シャウトと遠見。現在俺たちは二つの覚えるべき共用特技があるわけだが……話し合いの結果、シャウトを優先して覚えることになった。
万が一のことを考え、後衛がシャウトを使えた方が良いと判断したからだ。
というわけで、武先生による授業が始まった。
「シャウトは成功すれば少しの間、相手の動きを止められるわけだけど、同じ相手には何度も通用しないのだよね。耐性が出来ちゃうらしいんだ。それとこの技は、相手に警戒されていると効きにくいみたい。ゴレムル相手だと警戒されているかどうかも分かりづらいけど」
基本的には、一回の戦いで使用するのは一度。それも使うタイミングが重要らしい。
「うんと、注意はとりあえずこの二点かな」
目線を上に向けながら、頬をかく武。照れくさいのだろう。俺も同じ経験があるので気持ちは分かる。
「大声出さないといけないから、近くに人のいない場所に行こうか」
俺たちは武に連れられて時計塔が建つ丘の上に到着。武はここで技の習得に励んだらしい。
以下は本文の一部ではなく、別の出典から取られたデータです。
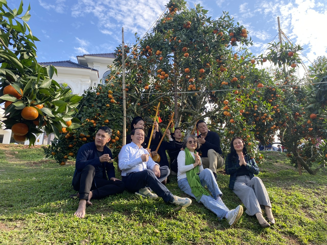 Phó Cục trưởng Cục Du lịch Quốc gia Việt Nam Hà Văn Siêu (thứ 2 từ trái sang, áo trắng) cùng đoàn khảo sát sản phẩm du lịch, chụp ảnh lưu niệm tại vườn cam Lục Ngạn. Ảnh: TITC
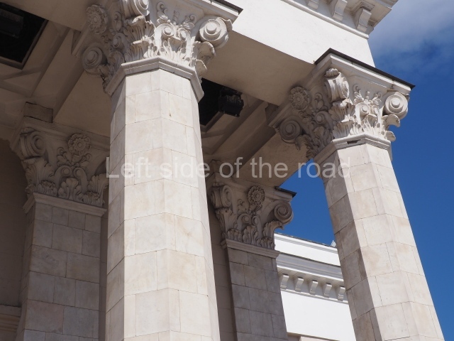 Beginning with the large vestibule located among the former of the two train stations, the building features a large octagonal dome topped by a cupola, and a spire crowned by a large star and imposing full-height portico with stylised Corinthian columns. Inside amid the Baroque-style ornaments, rich torchères and chandelier lights, two escalators descend, one leading to the old 1935 Komsomolskaya-Radialnaya station, and the second to this one.
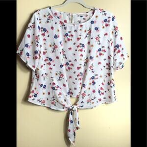 ACTIVE USA Floral Print Tie Front Top - Sz Lg
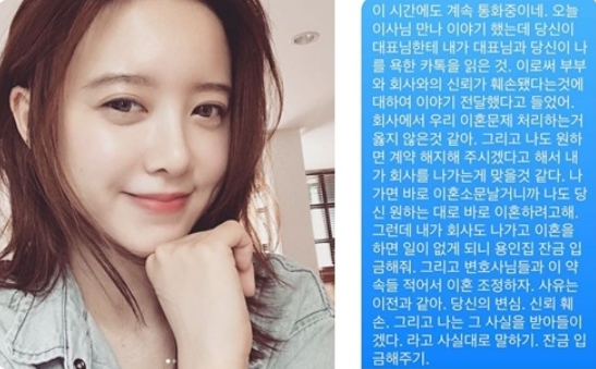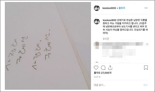 남편 안재현이 권태기로 변심을 했으며 이혼을 원하고 있고 자신은 가정을 지키려 한다며 불화를 겪고 있다는 것을 밝혔습니다.

心地の良い夜風が吹く丘の上で、シャウトを習得するための練習内容が語られる。
武先生によれば、動くなという意思を言葉に乗せて発声。その想いがこもった声にプラーナが反応するようになるまで繰り返し続けばそのうち出来るということだった。
武が習得するまでまる七日も費やした特技だ。今回は長いスパンで覚えていくことになるだろう。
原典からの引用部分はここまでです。